Taking the bending vibration band at 1628 ± 1 cm−1, which is least affected by any possible redistributions in intensity, as a reference, and based on its εbending = 20.8 m−1 cm−1 (5,7,45), we obtain for the following extinction coefficients for water confined in the interbilayer space at room temperature:
The band positions and the extinction coefficients are different from those of bulk water, which are 62.7 m−1cm−1 at ∼3490 cm−1 and 54.5 m−1cm−1∼3280 cm−1, respectively (5,7).

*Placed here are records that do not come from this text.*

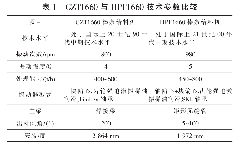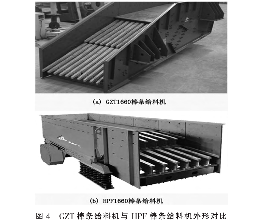 HPF棒条给料机是南昌矿机的新型产品,与GZT棒条给料机相比较,具有更的机械性能,可以作为GZT棒条给料机的替代方案。且相关的对比数据可以看出,HPF棒条给料机比GZT棒条给料机更、更稳定、更适用于铜渣选厂的粗级给料。GZT棒条给料机与HPF棒条给料机外形对比见图4。技术参数比较见表1。
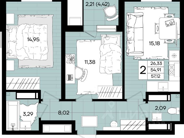 Нажмите + если хотите получить планировку этой квартиры. Звоните в любое удобное для Вас время.
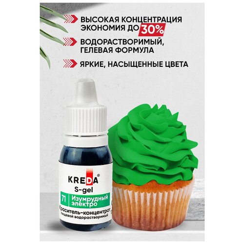 Краситель пищевой концентрат гелевый Kreda S-gel изумрудный электро №71, 10 мл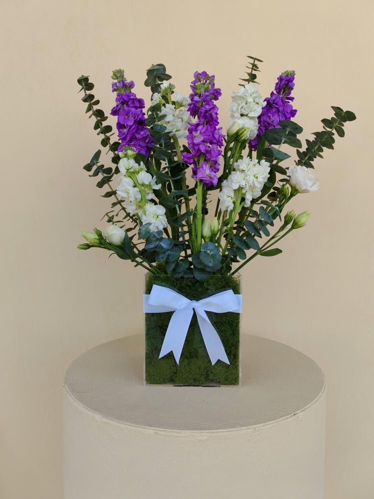 فازة أنيقة بتنسيق فاخر من الزهور الطبيعية بتدرجات البنفسجي والأبيض، مصممة بعناية داخل قاعدة زجاجية مزينة بشريطة سماوية ناعمة. تعبّر عن الهدوء والجمال في أبهى صوره، لتكون هدية مثالية للمنازل والمكاتب أ...

The four bands in the 2845–2961 cm−1 region are from the antisymmetric and the symmetric stretch of methyl groups at 2961 and 2870 cm−1, and the antisymmetric and the symmetric stretch of the methylene, at 2927 and 2845 cm−1 respectively (46). For the protein bands we obtain the following extinction coefficients (not corrected for orientation):
|Vibration||Amide I||Amide II||Amide III|
|Extinction (m−1cm−1)||105 000||98 000||28 000|
These values are in accordance with the earlier published ratio of extinctions of amide I to amide II (45). Using the extinction coefficients for amide II at 1543 cm−1 and for water bending vibration at 1628 cm−1, we calculate the ratio of the number of water molecules per bacteriorhodopsin for the sample in Fig. 1 to be ∼1660, which corresponds to a 1.15 weight ratio. The latter means that ∼49%, by volume, of the sample thickness is water, i.e.∼4.27 μm of H2O vs.∼4.3 μm of purple membrane, in accordance with buoyant density of bacteriorhodopsin ∼1.18 (47). Water contains ∼3.3 × 1025 molecules per liter, and some 118 water molecules are needed to cover the 1140 Å2 (48) surface of each bacteriorhodopsin molecule, leading to ∼14 water monolayers for each intermembrane space for the sample in Fig. 1, which is effectively a stack of ∼962 individual membrane sheets, each with a thickness of ∼45 Å (49).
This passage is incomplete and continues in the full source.